## WORK ITEM
Reproduce from the records below, with no pictures, exactly the lines between the one containing "18世紀のチェコのプラハをコ" and the one containing "Creative Threedimensional Animal", inclusive.

Data items:

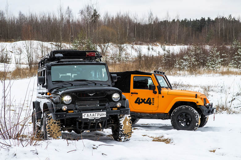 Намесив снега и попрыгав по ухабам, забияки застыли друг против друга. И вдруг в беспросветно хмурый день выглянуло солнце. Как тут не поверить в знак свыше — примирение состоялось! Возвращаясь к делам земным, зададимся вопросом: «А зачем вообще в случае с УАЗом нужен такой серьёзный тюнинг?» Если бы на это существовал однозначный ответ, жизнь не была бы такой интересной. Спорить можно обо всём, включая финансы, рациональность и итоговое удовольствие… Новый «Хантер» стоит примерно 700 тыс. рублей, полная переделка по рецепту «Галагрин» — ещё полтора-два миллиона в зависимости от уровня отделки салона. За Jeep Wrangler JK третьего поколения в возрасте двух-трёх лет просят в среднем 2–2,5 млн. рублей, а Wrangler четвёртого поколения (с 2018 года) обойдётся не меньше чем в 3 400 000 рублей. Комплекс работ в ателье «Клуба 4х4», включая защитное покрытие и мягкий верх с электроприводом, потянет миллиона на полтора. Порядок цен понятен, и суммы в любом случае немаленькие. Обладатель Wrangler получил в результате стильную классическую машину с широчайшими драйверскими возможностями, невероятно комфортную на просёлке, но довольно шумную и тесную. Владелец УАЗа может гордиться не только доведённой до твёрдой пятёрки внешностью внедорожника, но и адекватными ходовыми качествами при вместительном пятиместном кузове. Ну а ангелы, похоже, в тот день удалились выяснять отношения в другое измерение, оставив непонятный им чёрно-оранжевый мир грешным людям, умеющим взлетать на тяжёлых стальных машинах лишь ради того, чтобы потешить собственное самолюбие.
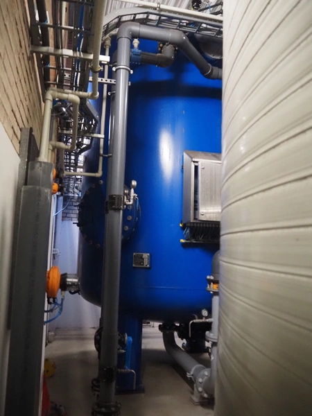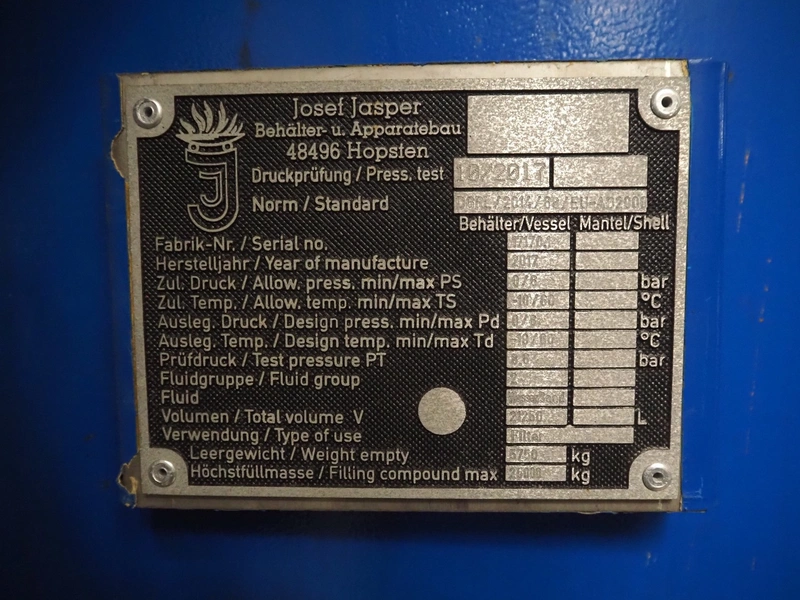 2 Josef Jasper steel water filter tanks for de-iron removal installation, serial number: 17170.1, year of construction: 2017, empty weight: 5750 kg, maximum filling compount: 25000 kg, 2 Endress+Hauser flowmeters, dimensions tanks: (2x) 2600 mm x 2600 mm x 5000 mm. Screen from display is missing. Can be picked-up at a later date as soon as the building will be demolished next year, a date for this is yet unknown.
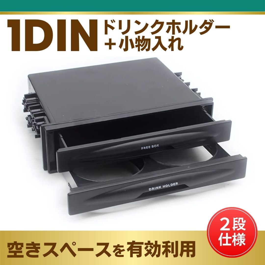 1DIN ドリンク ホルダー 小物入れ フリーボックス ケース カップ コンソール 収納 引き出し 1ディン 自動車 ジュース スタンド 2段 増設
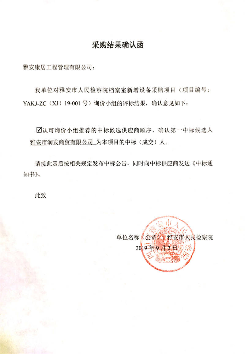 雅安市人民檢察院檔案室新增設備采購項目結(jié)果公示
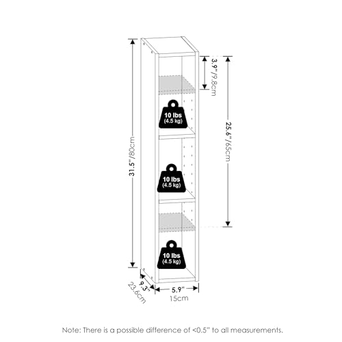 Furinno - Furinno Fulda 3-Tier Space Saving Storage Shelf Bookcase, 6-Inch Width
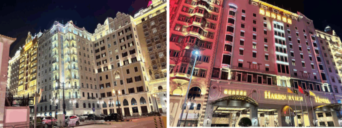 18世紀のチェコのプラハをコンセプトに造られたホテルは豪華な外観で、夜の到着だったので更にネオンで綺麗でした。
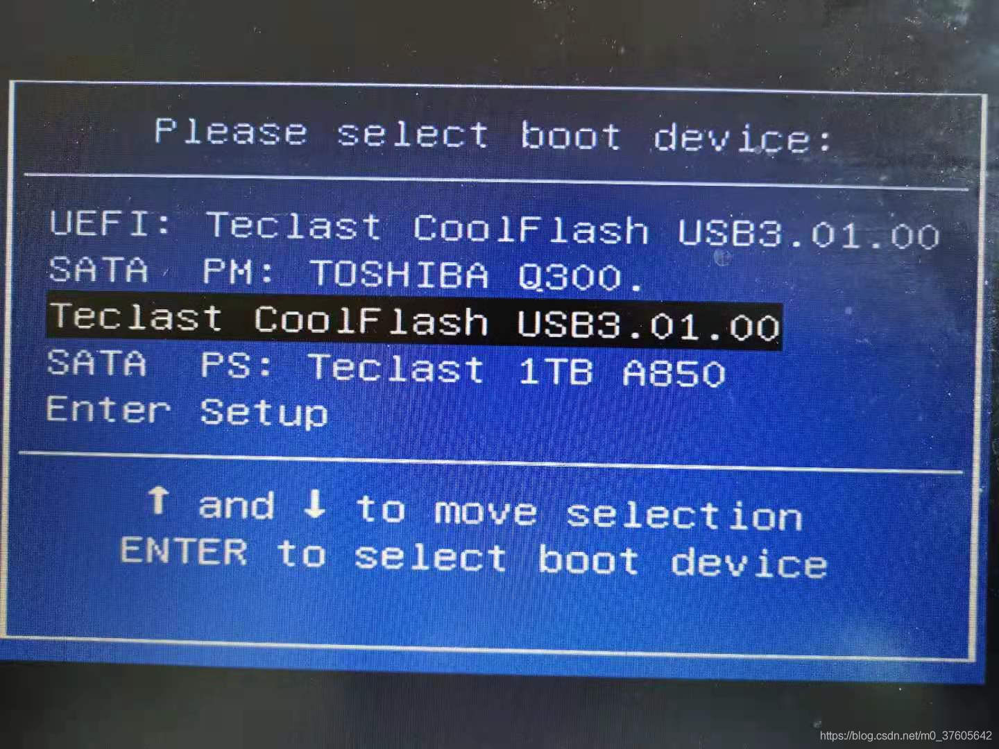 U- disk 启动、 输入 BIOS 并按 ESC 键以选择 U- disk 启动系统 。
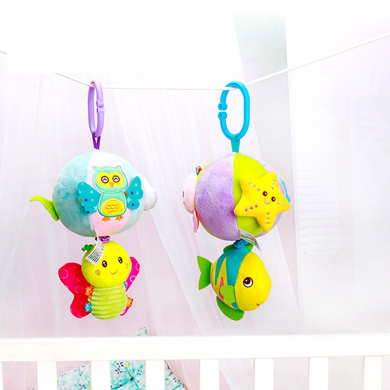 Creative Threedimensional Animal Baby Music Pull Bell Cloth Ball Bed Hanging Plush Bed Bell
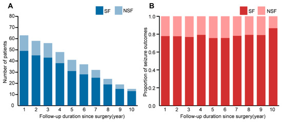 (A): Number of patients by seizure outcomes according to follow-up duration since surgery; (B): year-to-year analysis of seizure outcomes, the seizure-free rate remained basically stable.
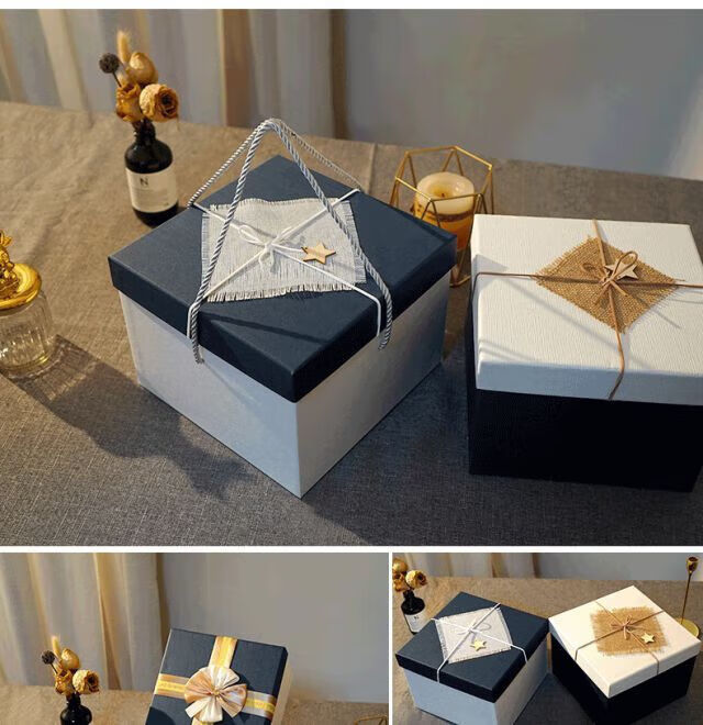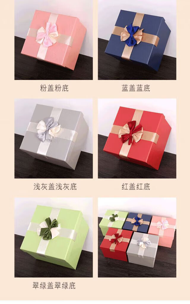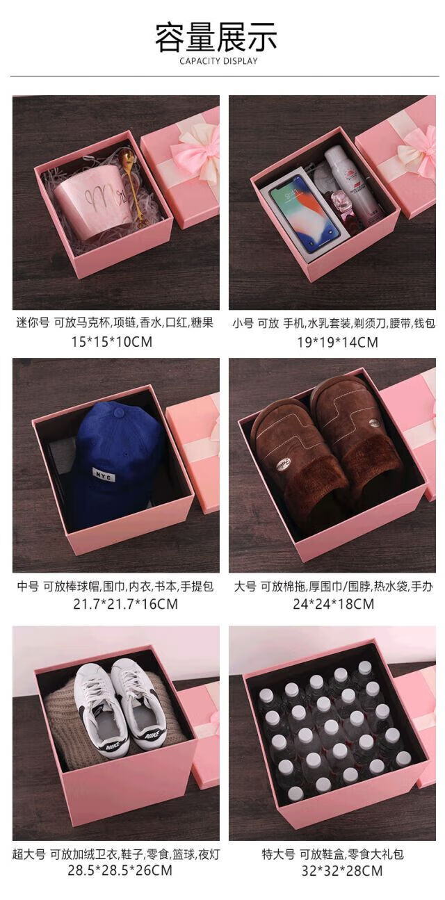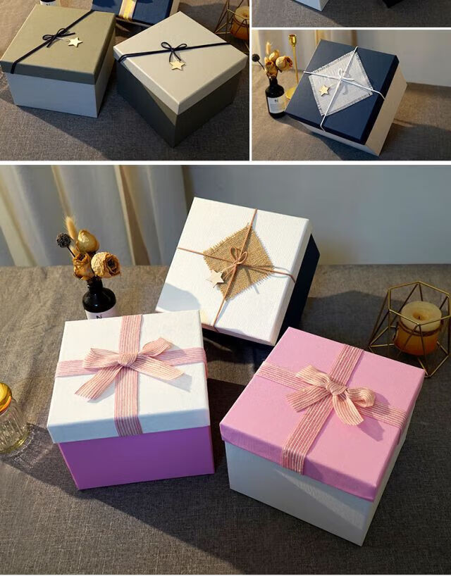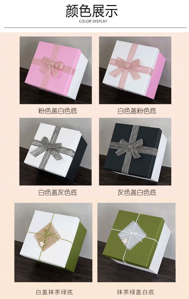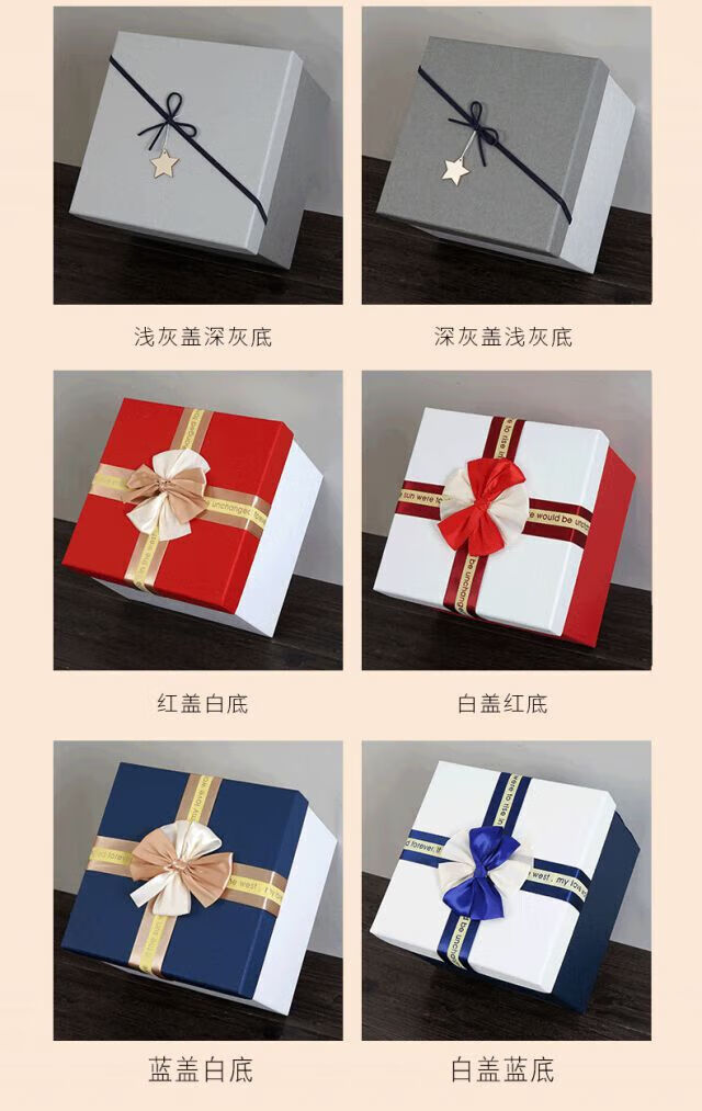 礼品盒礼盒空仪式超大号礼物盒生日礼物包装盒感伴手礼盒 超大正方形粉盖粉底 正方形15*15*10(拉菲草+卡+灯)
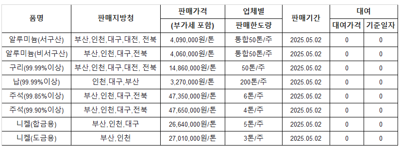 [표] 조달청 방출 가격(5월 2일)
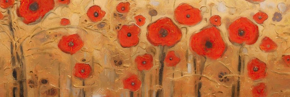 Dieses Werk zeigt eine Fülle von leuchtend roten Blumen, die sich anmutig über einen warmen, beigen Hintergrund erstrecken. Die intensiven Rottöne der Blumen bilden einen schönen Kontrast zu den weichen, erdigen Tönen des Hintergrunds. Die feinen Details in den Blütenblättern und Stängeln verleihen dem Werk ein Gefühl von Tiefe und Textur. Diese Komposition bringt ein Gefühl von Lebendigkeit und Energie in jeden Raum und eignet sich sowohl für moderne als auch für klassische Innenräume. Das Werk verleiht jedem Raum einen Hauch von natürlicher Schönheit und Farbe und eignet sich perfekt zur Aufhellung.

## ANSWER TO THE EXERCISE
 18世紀のチェコのプラハをコンセプトに造られたホテルは豪華な外観で、夜の到着だったので更にネオンで綺麗でした。
 U- disk 启动、 输入 BIOS 并按 ESC 键以选择 U- disk 启动系统 。
 Creative Threedimensional Animal Baby Music Pull Bell Cloth Ball Bed Hanging Plush Bed Bell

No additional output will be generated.